Congratulations! You've fine-tuned your first LLM. But now you're staring at files like adapters.safetensors, wondering about "LoRA ranks," and trying to understand why everyone keeps talking about "quantizing" and "GGUF."
This guide explains the core concepts you need to understand as a technically-skilled beginner in LLM fine-tuning. No hand-waving—just clear explanations of how these systems actually work.
The Parameter Problem
Why We Can't Just Train Everything
A modern LLM like Llama 3 has 8 billion parameters. Each parameter is a 16-bit or 32-bit number.
8B
Parameters
16 GB
Memory (FP16)
$2,000+
GPU Cost
To fine-tune all 8 billion parameters, you'd need:
- 32-64 GB of GPU memory (for gradients + optimizer states)
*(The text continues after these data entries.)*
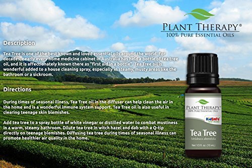 ReleaseDate : 2016-12-02 Studio : Plant Therapy Inc Publisher : Plant Therapy Inc Binding : Health and Beauty Product Description Tea Tree is one of the best known and loved essential oils around the world. For decades, nearly every home medicine cabinet in Australia has held a bottle of tea tree oil, and it is affectionately known there as "first aid in a bottle". Tea Tree oil is wonderful added to a house cleaning spray, especially in steamy, musty areas like the bathroom or a sickroom. During times of seasonal illness, Tea Tree oil in the diffuser can help clean the air in the home and is a wonderful immune system support. Tea Tree oil is also useful in clearing teenage skin blemishes. 0
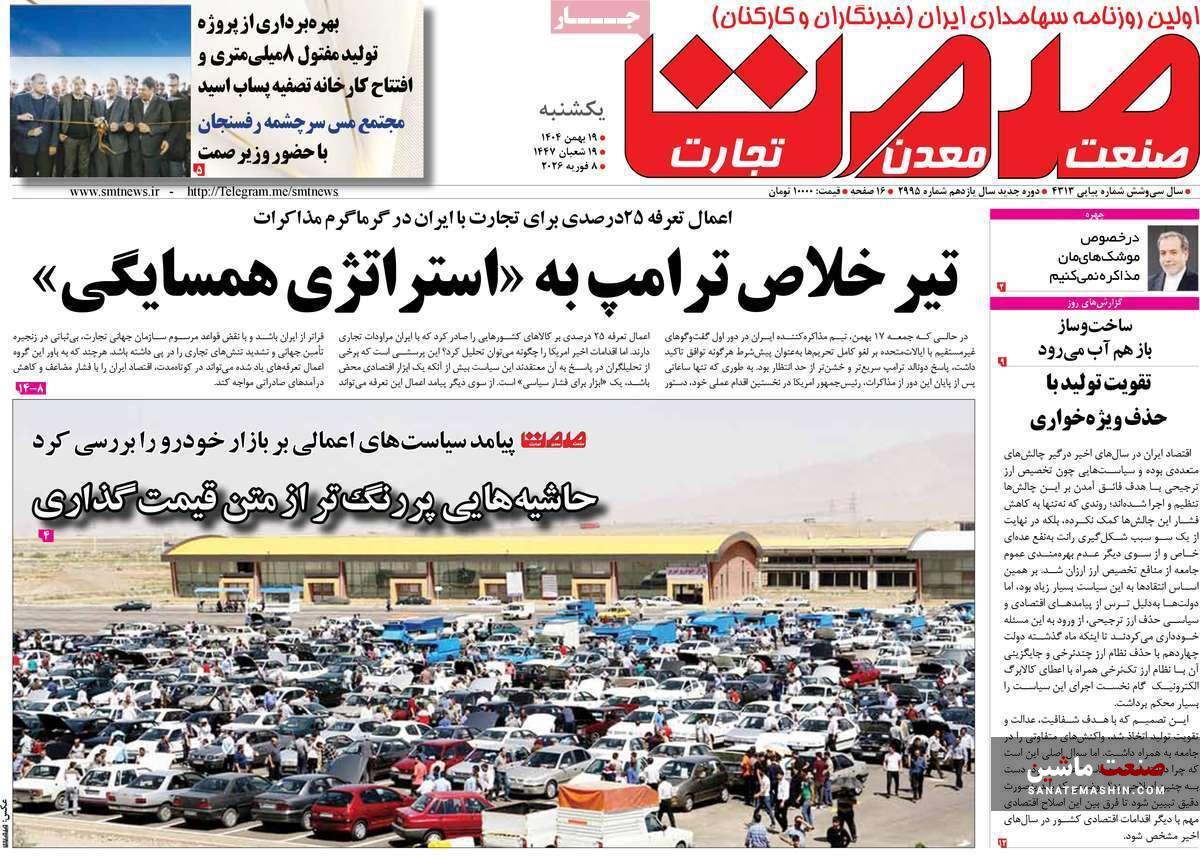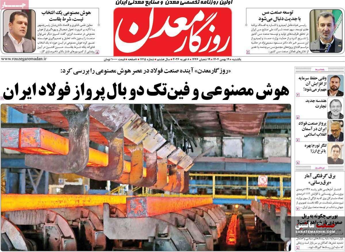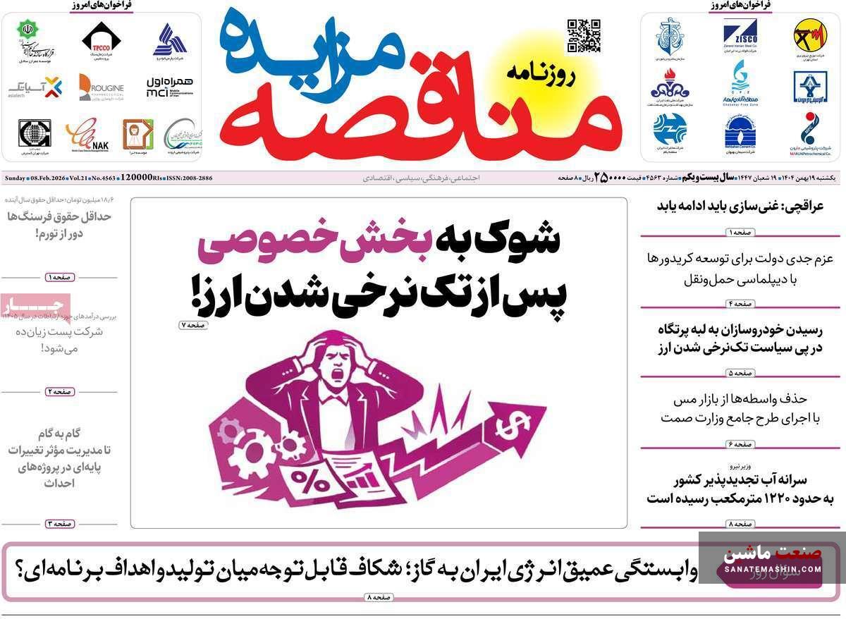 به گزارش صنعت ماشین ؛ صفحه نخست روزنامه های اقتصادی 19 بهمن 1404 به شرح زیر است: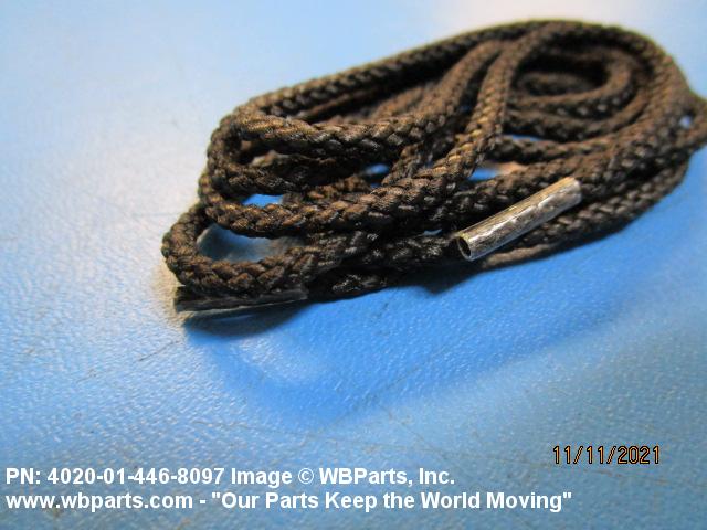 4020-01-446-8097 A braided cordage item (or twisted fiber glass item) of any diameter with or without a core (includes natural or synthetic fibers). Excludes items with fittings; LINE (as modified). See also TWINE, FIBROUS and ROPE, FIBROUS.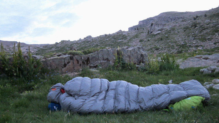 Voulant limiter le volume et le poids de mon portage, le Valandré Mirage s'est avéré être le bon duvet pour un sac à dos de 35 litres. Le bivouac a eu lieu sur le matelas Mountain 2 de Lafuma version courte de 1.22m et une belle pelouse, le tout dans un décor de rêve. Mais avec un ciel nuageux, chargé d'humidité au coucher, et un changement de pression en cours de nuit, je me suis vite retrouvé avec une rosée importante sur le duvet... J'ai donc enfilé un sursac par-dessus. Au réveil, bonne surprise, le duvet était toujours sec et impeccable à l'intérieur. L'humidité est restée entre le duvet et le sursac et s'est même transformée en givre, preuve que les températures de la nuit ont été plus froides que prévues. Habillé d'une simple peau en laine et d'un collant, j'ai passé une nuit thermiquement correcte. Ce nouveau test confirme les performances thermiques du Mirage en bivouac "à la belle" en saison estivale (avec sursac dans le cas présent). L'absence de collerette, une nouvelle fois, alimente mes regrets pour ce duvet, qui, déjà intéressant pourrait être plus efficace encore.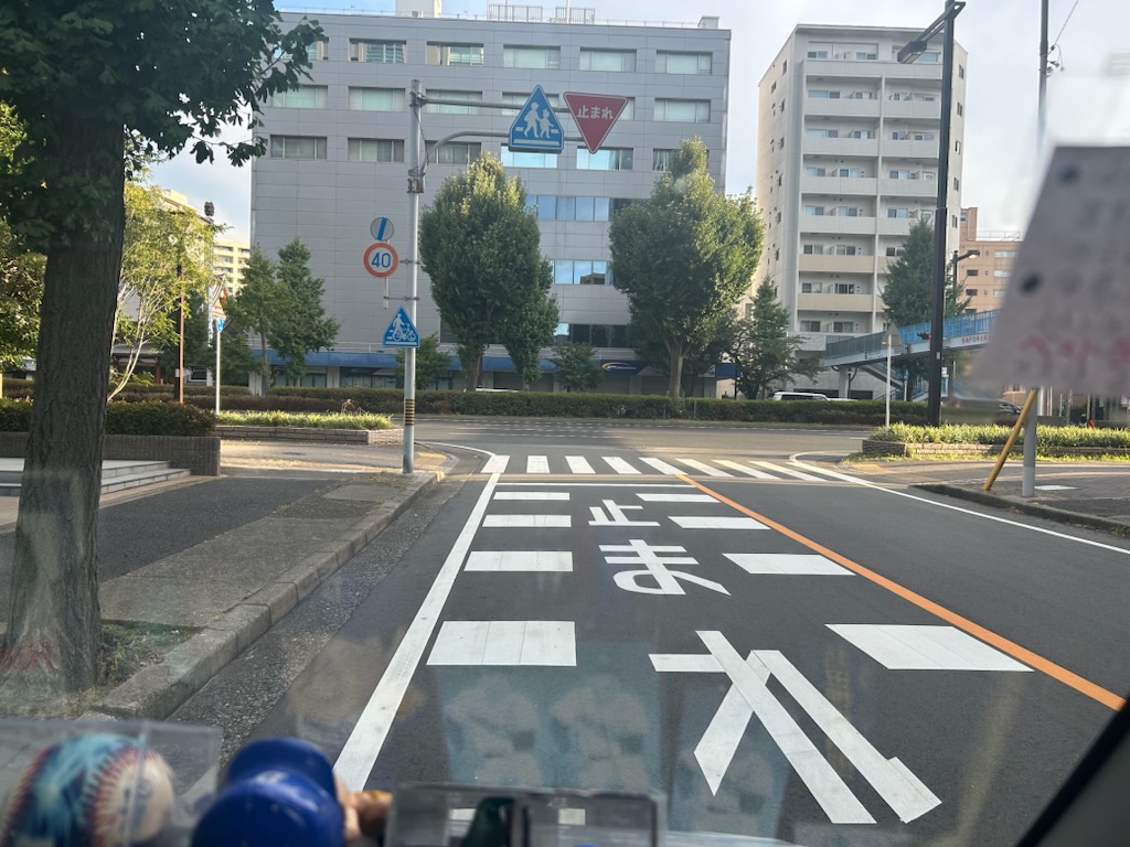 こんなデカデカと「止まれ」と書いてあるのに見落とした自分が悪いのですが、そもそもこの見通しの良い横断歩道の手前に停止線を付ける意味があるんですかね?むしろ横断歩道の先の大通り(桜通)に合流するところに停止線を付ける方が、よほど事故を防ぐのには現実的なのではないでしょうか?もちろん大通りとの合流点では止まりましたよ。そこで止まった時に左側から婦警さんが現われて「手前の停止線で一旦停止しなかったので、違反です」と言われました。これはまるでテストの引っ掛け問題みたいですよね。釈然としない気持ちでしたが、ここで揉めても時間が勿体ないので、従いました。罰金は¥7,000です。痛~い一日になってしまいました。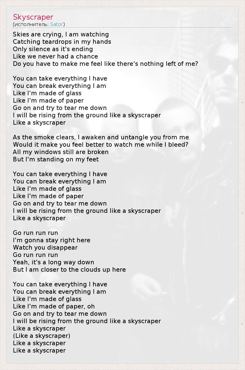 А как ты думаешь, о чем песня "Skyscraper" ?

- Hours or days of training time
- Thousands of dollars in compute costs
The Insight
Most of the knowledge is already in the base model. When we fine-tune, we're not teaching it English or how to reason—we're teaching it specific patterns. We don't need to change all 8 billion parameters for that.
LoRA: The Smart Way to Fine-Tune
Low-Rank Adaptation
LoRA (Low-Rank Adaptation) is a technique from a 2021 Microsoft Research paper. The core idea is simple:
The LoRA Insight
Instead of updating all parameters in a weight matrix, we freeze the original weights and inject small, trainable matrices into the model.
Original weight update:
W_new = W_original + ΔW
LoRA approach:
W_new = W_original + (A × B)
Where A and B are small matrices (e.g., 8×4096 and 4096×8)
Why This Works
The base model is a massive library of knowledge. When you fine-tune with LoRA, you're not rewriting the books—you're adding annotations in the margins.
The Math
For a 4096×4096 weight matrix:
- Full fine-tuning: 16,777,216 parameters
- LoRA (rank 8): 65,536 parameters (0.4%)
That's a 256x reduction in trainable parameters!
LoRA Rank and Alpha
Rank (r)
The size of matrices A and B. Higher rank = more capacity to learn. Typical: 4, 8, 16, 32, 64.
Alpha (α)
A scaling factor. Usually 2× rank. Controls how strongly the LoRA adapters influence output.
Rule of Thumb
Start with rank=8, alpha=16. Increase if model isn't learning; decrease if overfitting.
Advanced LoRA Variations
Once you understand standard LoRA, here are advanced variations that optimize different aspects:
QLoRA (Quantized LoRA)
Stores the base model in 4-bit precision while training LoRA adapters in full precision. Memory efficient: Train 65B models on single 48GB GPU. Uses "double quantization" for even more savings.
Best for: Large models on consumer hardware
DoRA (Weight-Decomposed Low-Rank Adaptation)
Decomposes weights into magnitude and direction, only applying LoRA to the direction component. Better stability: Prevents catastrophic forgetting better than standard LoRA.
Best for: Preserving base model capabilities
LoRA-FA (LoRA with Frozen Attention)
Freezes attention layers, only trains feed-forward networks. Faster training: Reduces trainable parameters by ~70% with minimal quality loss.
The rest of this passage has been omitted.